───── Recorded information

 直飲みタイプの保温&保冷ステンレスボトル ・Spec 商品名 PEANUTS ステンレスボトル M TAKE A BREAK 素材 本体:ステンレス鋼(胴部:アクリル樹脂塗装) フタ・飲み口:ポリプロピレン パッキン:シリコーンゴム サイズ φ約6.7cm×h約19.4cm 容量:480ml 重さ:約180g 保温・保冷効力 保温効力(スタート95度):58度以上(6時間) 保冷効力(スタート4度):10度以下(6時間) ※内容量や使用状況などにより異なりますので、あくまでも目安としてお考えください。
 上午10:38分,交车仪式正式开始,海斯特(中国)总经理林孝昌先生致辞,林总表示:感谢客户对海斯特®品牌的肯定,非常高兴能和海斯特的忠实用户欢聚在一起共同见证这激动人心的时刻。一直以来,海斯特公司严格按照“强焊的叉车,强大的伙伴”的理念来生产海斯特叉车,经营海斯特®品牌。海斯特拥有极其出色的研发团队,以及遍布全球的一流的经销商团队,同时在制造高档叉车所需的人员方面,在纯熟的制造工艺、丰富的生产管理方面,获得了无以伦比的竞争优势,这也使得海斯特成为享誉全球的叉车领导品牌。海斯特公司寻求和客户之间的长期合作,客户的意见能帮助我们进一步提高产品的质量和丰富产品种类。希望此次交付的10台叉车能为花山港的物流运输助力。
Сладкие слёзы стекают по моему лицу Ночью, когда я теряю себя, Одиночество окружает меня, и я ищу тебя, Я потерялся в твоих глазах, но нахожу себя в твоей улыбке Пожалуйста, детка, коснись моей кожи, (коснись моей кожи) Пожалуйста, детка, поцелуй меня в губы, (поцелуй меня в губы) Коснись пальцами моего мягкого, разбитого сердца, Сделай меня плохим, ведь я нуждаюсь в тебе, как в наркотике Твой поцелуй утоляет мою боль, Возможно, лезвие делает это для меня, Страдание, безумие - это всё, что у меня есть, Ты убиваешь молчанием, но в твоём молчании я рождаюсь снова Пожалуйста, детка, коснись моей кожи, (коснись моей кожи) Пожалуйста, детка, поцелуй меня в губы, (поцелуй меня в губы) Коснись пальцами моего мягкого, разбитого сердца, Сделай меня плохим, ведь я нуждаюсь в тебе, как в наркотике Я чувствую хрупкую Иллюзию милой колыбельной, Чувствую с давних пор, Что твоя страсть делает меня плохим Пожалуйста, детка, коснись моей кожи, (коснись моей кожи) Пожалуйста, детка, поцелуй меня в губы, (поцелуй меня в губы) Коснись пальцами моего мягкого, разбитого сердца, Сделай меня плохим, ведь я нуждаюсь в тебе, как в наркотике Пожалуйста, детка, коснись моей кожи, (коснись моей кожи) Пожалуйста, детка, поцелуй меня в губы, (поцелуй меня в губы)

──────────

Exercise -
Retype each line above, keeping every character.

Solved problem -
 直飲みタイプの保温&保冷ステンレスボトル ・Spec 商品名 PEANUTS ステンレスボトル M TAKE A BREAK 素材 本体:ステンレス鋼(胴部:アクリル樹脂塗装) フタ・飲み口:ポリプロピレン パッキン:シリコーンゴム サイズ φ約6.7cm×h約19.4cm 容量:480ml 重さ:約180g 保温・保冷効力 保温効力(スタート95度):58度以上(6時間) 保冷効力(スタート4度):10度以下(6時間) ※内容量や使用状況などにより異なりますので、あくまでも目安としてお考えください。
 上午10:38分,交车仪式正式开始,海斯特(中国)总经理林孝昌先生致辞,林总表示:感谢客户对海斯特®品牌的肯定,非常高兴能和海斯特的忠实用户欢聚在一起共同见证这激动人心的时刻。一直以来,海斯特公司严格按照“强焊的叉车,强大的伙伴”的理念来生产海斯特叉车,经营海斯特®品牌。海斯特拥有极其出色的研发团队,以及遍布全球的一流的经销商团队,同时在制造高档叉车所需的人员方面,在纯熟的制造工艺、丰富的生产管理方面,获得了无以伦比的竞争优势,这也使得海斯特成为享誉全球的叉车领导品牌。海斯特公司寻求和客户之间的长期合作,客户的意见能帮助我们进一步提高产品的质量和丰富产品种类。希望此次交付的10台叉车能为花山港的物流运输助力。
Сладкие слёзы стекают по моему лицу Ночью, когда я теряю себя, Одиночество окружает меня, и я ищу тебя, Я потерялся в твоих глазах, но нахожу себя в твоей улыбке Пожалуйста, детка, коснись моей кожи, (коснись моей кожи) Пожалуйста, детка, поцелуй меня в губы, (поцелуй меня в губы) Коснись пальцами моего мягкого, разбитого сердца, Сделай меня плохим, ведь я нуждаюсь в тебе, как в наркотике Твой поцелуй утоляет мою боль, Возможно, лезвие делает это для меня, Страдание, безумие - это всё, что у меня есть, Ты убиваешь молчанием, но в твоём молчании я рождаюсь снова Пожалуйста, детка, коснись моей кожи, (коснись моей кожи) Пожалуйста, детка, поцелуй меня в губы, (поцелуй меня в губы) Коснись пальцами моего мягкого, разбитого сердца, Сделай меня плохим, ведь я нуждаюсь в тебе, как в наркотике Я чувствую хрупкую Иллюзию милой колыбельной, Чувствую с давних пор, Что твоя страсть делает меня плохим Пожалуйста, детка, коснись моей кожи, (коснись моей кожи) Пожалуйста, детка, поцелуй меня в губы, (поцелуй меня в губы) Коснись пальцами моего мягкого, разбитого сердца, Сделай меня плохим, ведь я нуждаюсь в тебе, как в наркотике Пожалуйста, детка, коснись моей кожи, (коснись моей кожи) Пожалуйста, детка, поцелуй меня в губы, (поцелуй меня в губы)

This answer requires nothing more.